Claude Lelièvre revient sur le protocole mixité signé par le ministre de l’Éducation et le secrétaire général de l’Enseignement catholique. Historien, il interroge l’évolution de la place des boursiers dans les établissements privés d’un point de vue historique.
Jusqu’à la fin de la troisième République, il n’était pas permis que les boursiers d’État puissent être accueillis dans un établissement scolaire privé. Actuellement , c’est ce qui est recommandé et un protocole d’accord a été signé le 17 mai où l’enseignement catholique s’engage «à doubler le taux d’élèves boursiers en cinq ans » ( il est actuellement de 13 % contre 30 % dans le public). Et, non moins sidérant, cela est conditionné à des contreparties financières acceptée par le MEN car cet engagement vaudrait « dans les établissements où les familles bénéficient d’aides sociales égales à celles dont elles bénéficient quand elles scolarisent leur enfant dans un établissement public correspondant » . Le MEN s’est engagé à « sensibiliser » les collectivités territoriales « pour ouvrir aux élèves des établissements d’enseignement privé les mesures sociales dont bénéficient les élèves des établissements publics dès lors qu’ils concourent à la mixité sociale ».
Jusqu’à la fin de la troisième République, le principe de base qui distinguait un établissement scolaire public d’un établissement scolaire privé était simple: recevoir « en tout ou en partie » un financement « des communes, des départements ou de l’État » comme il était écrit dans la fameuse loi Guizot de 1833. Il était donc foncièrement admis qu’il n’était pas possible que les établissements scolaires privés reçoivent des boursiers d’État – cela étant considéré comme un financement indirect d’origine public.

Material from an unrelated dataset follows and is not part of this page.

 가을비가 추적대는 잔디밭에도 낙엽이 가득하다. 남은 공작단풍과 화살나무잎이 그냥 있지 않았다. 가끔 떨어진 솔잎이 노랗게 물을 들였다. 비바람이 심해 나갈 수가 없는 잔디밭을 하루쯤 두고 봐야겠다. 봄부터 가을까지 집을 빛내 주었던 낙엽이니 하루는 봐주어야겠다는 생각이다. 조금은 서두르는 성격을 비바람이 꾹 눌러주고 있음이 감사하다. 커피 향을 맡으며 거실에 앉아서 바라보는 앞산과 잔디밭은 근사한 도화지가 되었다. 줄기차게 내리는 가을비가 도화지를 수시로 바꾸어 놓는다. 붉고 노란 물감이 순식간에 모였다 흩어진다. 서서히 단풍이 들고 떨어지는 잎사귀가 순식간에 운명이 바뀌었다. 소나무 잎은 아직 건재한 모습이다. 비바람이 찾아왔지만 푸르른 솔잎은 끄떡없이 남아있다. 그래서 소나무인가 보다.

On le voit bien lors de l’épisode très significatif du débat à la Chambre des députés ayant pour origine la multiplication des boursiers « pupilles de la Nation » – nombreux en raison des victimes de la guerre 14-18. Malgré sa majorité catholique, la Chambre des députés élue en 1919 refuse en 1921 de voter un amendement accordant des bourses à des élèves accueillis par des établissements privés. Présenté par une partie de la droite catholique, qui lui accorde 120 voix, l’amendement est combattu avec succès par l’abbé Lemire, député catholique lui aussi : « Je n’admets pas que l’on mendie, sous une forme quelconque, l’argent de l’État, quand librement on s’est placé en dehors de lui […]. Si je demande l’argent de l’État, demain il pourra me faire subir son contrôle. L’État se devra à lui-même d’imposer ce contrôle, car il ne peut pas donner son argent à n’importe qui pour n’importe quoi […]. Quand on veut être libre, il faut savoir être pauvre » (JO. « Débats parlementaires, Chambre des députés », séance du 11 décembre 1921, p. 4917)

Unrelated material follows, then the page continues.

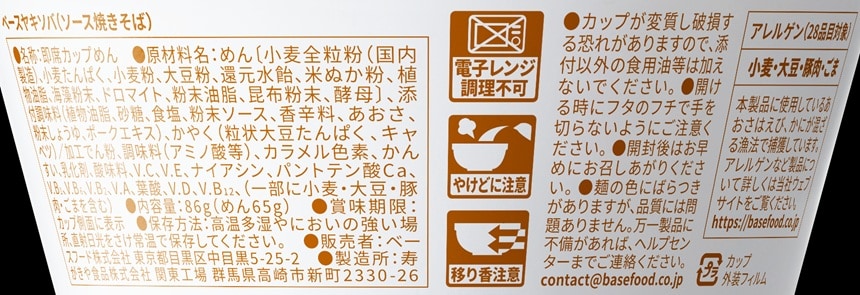 - ・BASE YAKISOBA ソース焼きそば 86g×12個

En septembre 1951, la loi ‘’Marie’’ – du nom du ministre de l’Éducation nationale André Marie – admet les élèves des établissements privés au bénéfice des bourses de l’État ; et la loi Barangé octroie une allocation trimestrielle pour chaque enfant fréquentant l’école primaire publique ou privée. L’importance historique de ces deux lois tient surtout à la reconnaissance du principe de subventionner les écoles privées par des fonds publics qu’elles impliquent par une Assemblée d’une légitimité républicaine incontestable – car, sous le régime de Vichy, considéré comme une ‘’parenthèse’’ non républicaine, le décret du 21 février 1941 avait déjà autorisé que des boursiers d’État puissent être accueillis dans des établissements scolaires privés, une première.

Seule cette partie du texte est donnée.